Por
Altemar Di Monteiro
Quatorze
anos se passaram desde que a Política de Cidadania Cultural passou a ser
diretriz estruturante do pensamento institucionalizado da Cultura no Brasil.
Tempo suficiente para percebermos uma reviravolta significativa no cenário de
produção, difusão e fruição cultural nos mais diversos territórios e patentes.
Dos becos e vielas, dos assentamentos e comunidades quilombolas, indígenas e
ribeirinhas, surge uma arte que grita uma performance ligada a própria
história, revelando um empoderamento identitário que tem desestabilizado
conceitos historicamente semeados e difundidos como padrão e status de arte.
Mulheres, negras e negros, lésbicas, gays, bissexuais, trans e travestis que
não aceitam mais serem representados, mas que lutam pelo seu lugar na produção
de um mundo mais justo e igualitário.

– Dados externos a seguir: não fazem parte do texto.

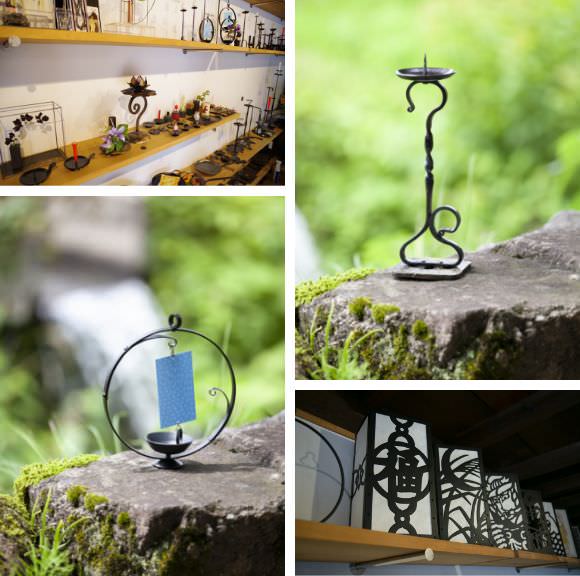 風鈴や燭臺、花器や燈籠など、日本刀鍛造の技法を用いたモダンなデザインの鉄製品の數々。弘光の作品は、全國で行われる展示會で見られるほか、催事期間以外は工房で展示販売中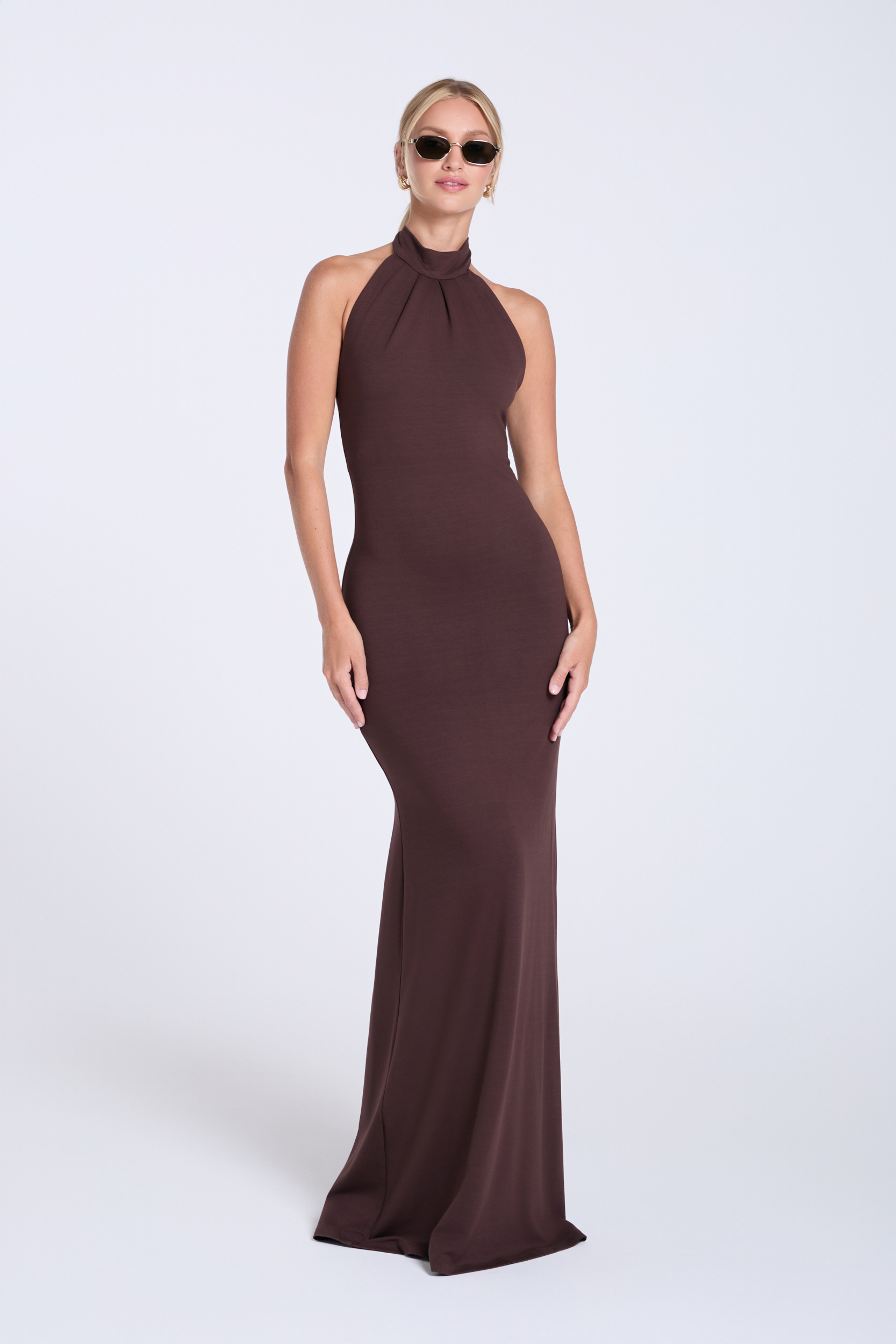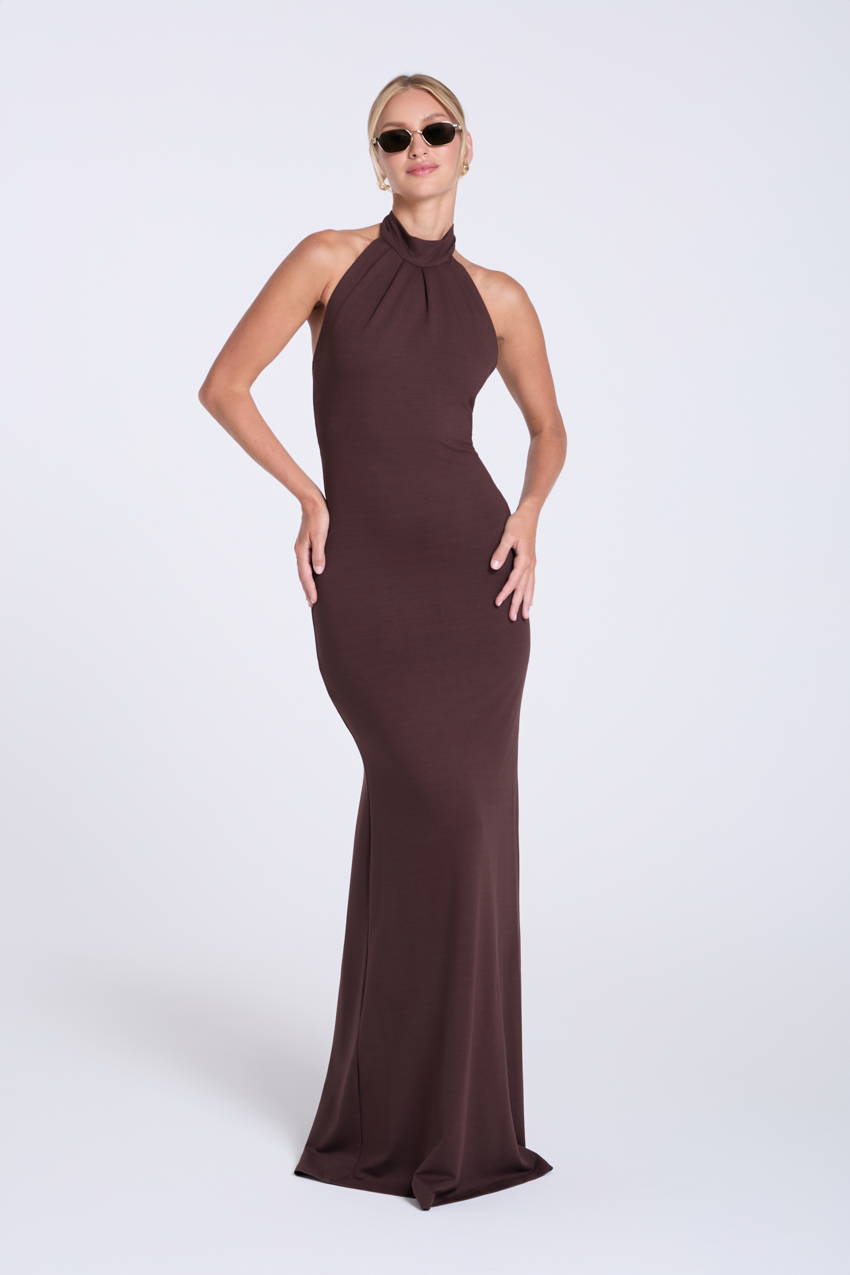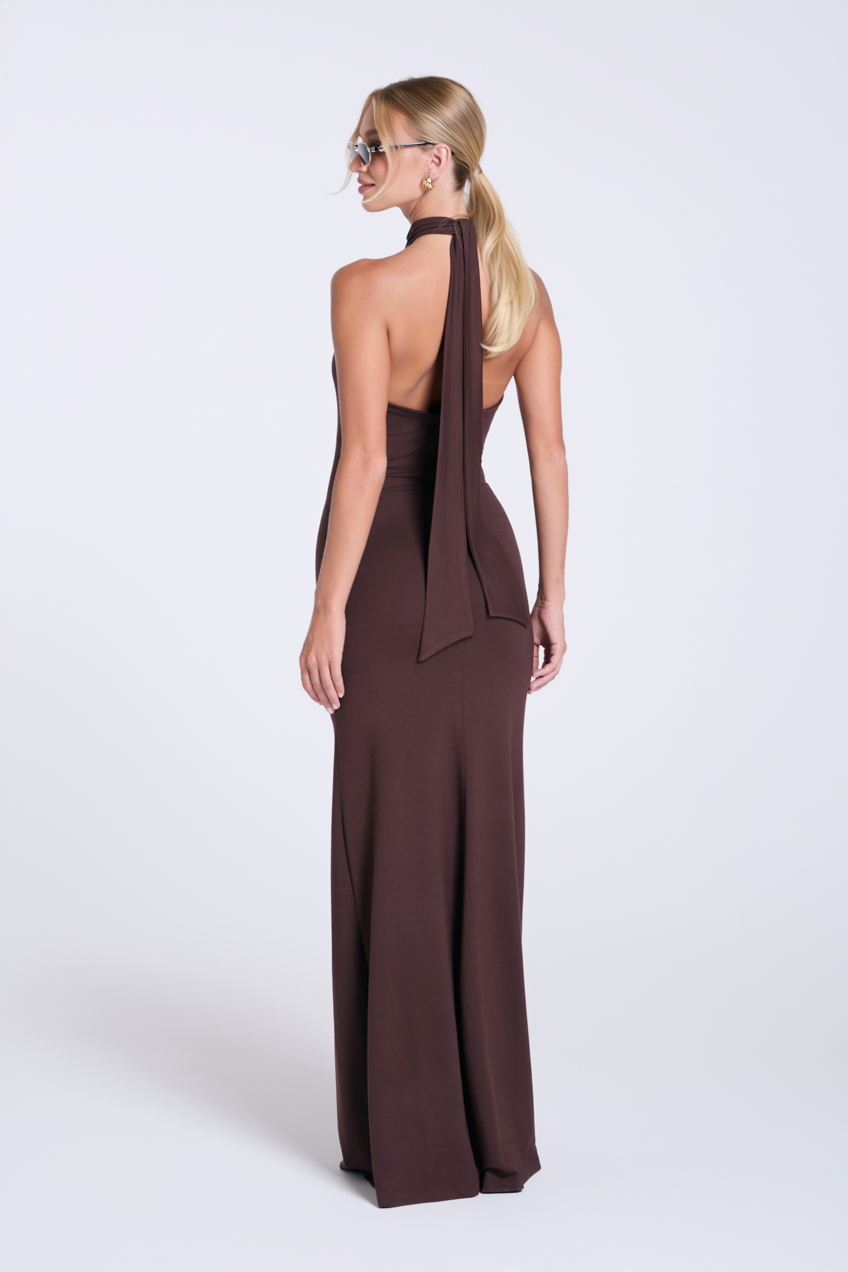Stylowa, dopasowana sukienka maxi w kolorze brązu, która przyciąga uwagę swoją zmysłową formą. Uszyta z miękkiego mikromodalu, subtelnie podkreśla sylwetkę. Od wysokości kolan sukienka delikatnie się rozszerza. Góra tego modelu wyróżnia się efektownym marszczeniem z zabudowaną stójką, która przechodzi w długą, charakterystyczną szarfę wiązaną z tyłu na szyi. Odkryte plecy nadają projektowi nowoczesnego i niezwykle kobiecego charakteru, balansując klasykę z nutą odwagi.

A crise da representação dá lugar ao
paradigma da representatividade, colocando em jogo ficção e realidade, arte e
vida, diluindo fronteiras e reacertando as noções e pressupostos que guiam os
fazeres e processos. A velha arte, aquela marcada pelo padrão masculino,
heteronormativo e branco vai sendo colocada em xeque para a emergência da
escuta de uma voz abafada há séculos (talvez por isso o nó entalado tenha
gerado, em alguns casos, um estado enérgico de revanche, uma vingança velada,
aquela velha máxima do oprimido que deseja virar opressor).
Nesse
mesmo contexto, a cidade começa a disparar, de todos os lugares, uma infinidade
de movimentos e expressões em arte e cultura que reivindicam o seu espaço na
teia simbólica e afetiva da fabulação do que se vê como arte no mundo
contemporâneo. A cartografia topográfica, geográfica e econômica da cidade
passa também a dar sinais do que se tem como lugares reiterados como centros de
poder que relegam outros territórios como espaços abafados à marginalidade e ao
silenciamento. A periferia urbana, para além do discurso da “contrapartida
social”, vê-se como território de afeto, de beleza, de produção de saberes e
linguagem. Reconhecendo a singularidade do território onde habita, surge um
levante de artistas que, assim como eu, militam com os pés fincados ao chão,
concordando com Frei Betto ao dizer que a cabeça pensa a partir de onde os pés
pisam. Nosso lugar na cidade vai sendo percebido como ponto de singularidade no
rizoma complexo de afetos que compõem a imagem do urbano e nossa arte, atenta a
esse esquema, reveste-se de potência ao jogar com essa possibilidade:
empoderamento territorial.
Talvez
estejamos lutando por um sistema de cultura que realmente entenda a diferença
enquanto potência, a multiplicidade e pluralidade como resultado de processos
bem mais complexos do que os paradigmas aviltantes do que se reitera como Arte
Oficial. Exatamente aqui está a relevância de pensar a periferia pela via da
antiarte, subvertendo as posições intelectualistas e esteticistas ao reconhecer
o suburbano como viés dissensual do urbano e entendendo a potência da periferia
na sua condição periférica mesma. Alguns vão chamar isso de bairrismo, mas os
fluxos entre o bairro e a cidade, a cidade e o mundo são tão inumeráveis que
seria ilusão pensar que esse lugar não se afeta e se transforma pela máquina
mundial ou que, pelo contrário, ele também não redesenha o mundo contemporâneo.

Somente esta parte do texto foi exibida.